Japan surrendered on Sept. 2, 1945, after specially modified B-29s dropped atomic bombs on Hiroshima and Nagasaki. James was there, flying in City of Omaha over the USS Missouri, where the surrender signing took place.
“We were one of the ones who did a flyover,” he said. “They told us, don’t try anything funny.”
They were sent home after three months.
“We had to clean the island up,” he said. “When we reached the Golden Gate Bridge, we were tickled to death. We knew we were back in the states. When I reached St. Louis, I knew I was home.”
He earned several medals for his service, including two Bronze Stars, but what was important to him was coming home to his wife, Imogene, to whom he was wed just before shipping out.

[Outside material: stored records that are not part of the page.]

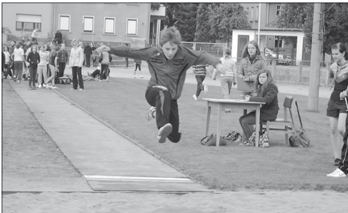
Erste Flugversuche beim Weitsprung

Am 8. September 2010 fand unser diesjähriges Sportfest statt. Die Klassen 5 bis 10 wetteiferten in verschiedenen Disziplinen um den Sieg bei kühlen Temperaturen, aber bei strahlendem Sonnenschein! Die Tanzmäuse der 5. Klassen eröffneten den Tag um 7:30 Uhr und um 8 Uhr gingen die ersten Wettkämpfe los.
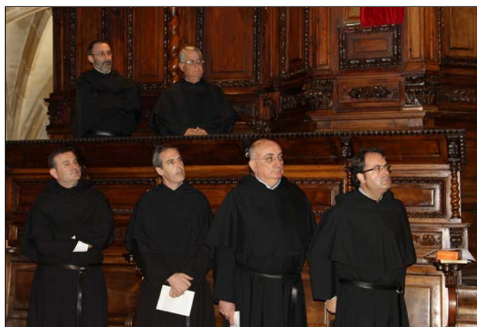
Capitulares durante la Profesión de fe.

Recurriendo a las nuevas tecnologías ( prezi ), el P. Provincial presentó el informe sobre el estado de la Provincia en los últimos cuatro años de su provincialato, destacando la estadística general sobre los religiosos y sus actividades, y señalando que "las defunciones, las salidas y la casi centena de hermanos mayores de 65 años enciende una 'luz roja' ante las estructuras que tenemos".
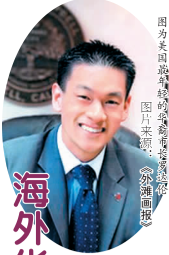
图为美国最年轻的华裔市长罗达伦。
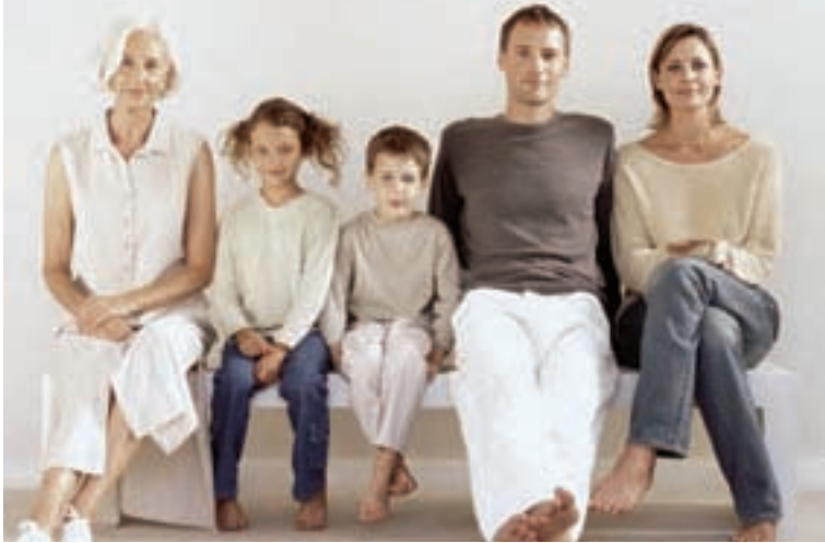
Ob Großfamilie oder Zwei-Personen-Haushalt, Ruhrpower-Pakete gibt es für alle Schwerter.

Treue verdient Anerkennung – und die eine oder andere Gratifikation. So hat Ruhrpower rechtzeitig zum Jahreswechsel Pakete geschnürt, mit denen die Treue der Kunden in klingender Münze belohnt wird.
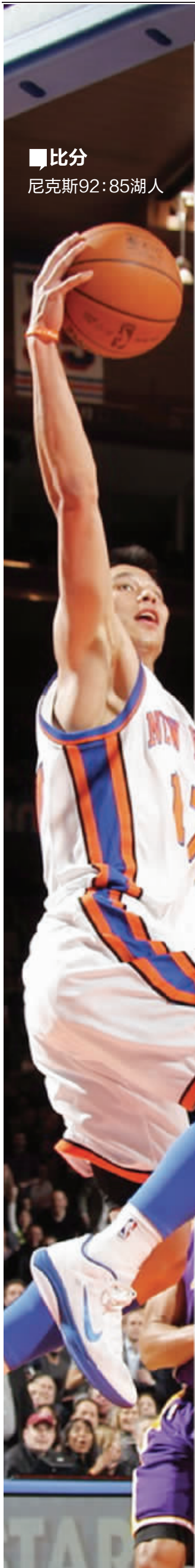
林书豪拿到38分和7次助攻
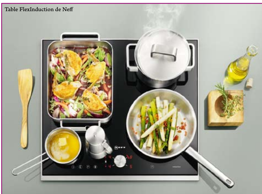
Table FlexInduction de Neff
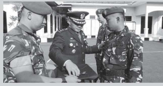
Para Personel Kodim 0710/Pekalongan saat Naik Pangkat.

KOTA PEKALONGAN, BN - Bertepatan dengan peringatan Hari Kesaktian Pancasila pada 1 Oktober 2024, sebanyak 63 personel Kodim 0710/Pekalongan menerima kenaikan pangkat setingkat lebih tinggi. Mereka yang menerima kenaikan pangkat terdiri dari 7 personel tamtama dan 56
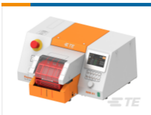
TE 产品编号 2234800-2 RBK-X1 CE STD
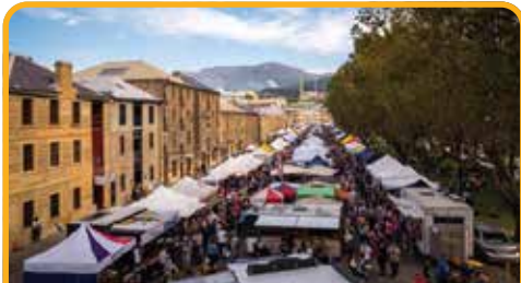
萨拉曼卡广场 Salamanca Place

行程的最后来到独具风韵的 里奇蒙 Richmond , 小镇有 澳大利亚最古老的石桥 Stone Bridge 和 最古老的天主教堂 Church , 是澳大利亚保存最完善的古镇, 体验时光倒流 180 年, 邂逅昨夜梦中的怀旧世界。可以去小镇上的糖果屋和网红面包店, 品尝一下颇有名气的扇贝派哦。
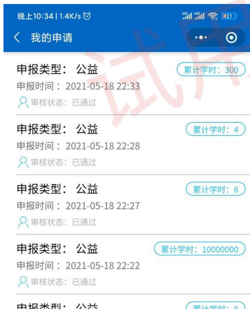
图 16 公益学时详情界面
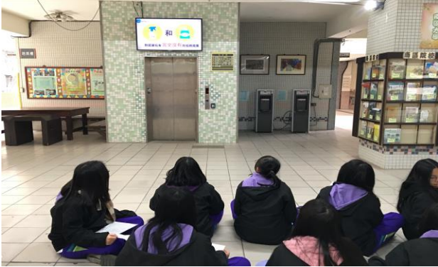
等待時播放衛生教育影片宣導

With an aunt living in Michigan, they moved to Clarkston in 1950. They were on Dixie Highway looking at properties when Imogene noticed the Ottawa Cemetery at Maybee Road.
“She said, ‘turn in here, let’s see what things look like,?” James said.
All empty lots and dirt roads at the time, they bought two-and-a-half acres, built a house, and raised their daughter, Susan K. James.
“We had nothing going for us. We took whatever jobs we could get,” said James, who now has two grandchildren and four great-grandchildren
James owned and operated Pontiac Overhead Door Company and his wife had an antique business.
Imogene passed away 15 years ago.
“She kept me alive during the war. She was my true love. I loved her so much,” Charles said. “I walked to Maybee Road to the cemetery everyday for 12 years, usually crying all the way.”
He stopped the walks after a fall a few years ago, breaking both shoulders.
“I can’t walk very far now ? I’m not looking for sympathy,” he said.
He still has her red Pontiac Bonneville, which he bought for his wife in 1971.
“It has a bench seat so Susan could ride up front,” Charles said. “I’ve had it now all these years.”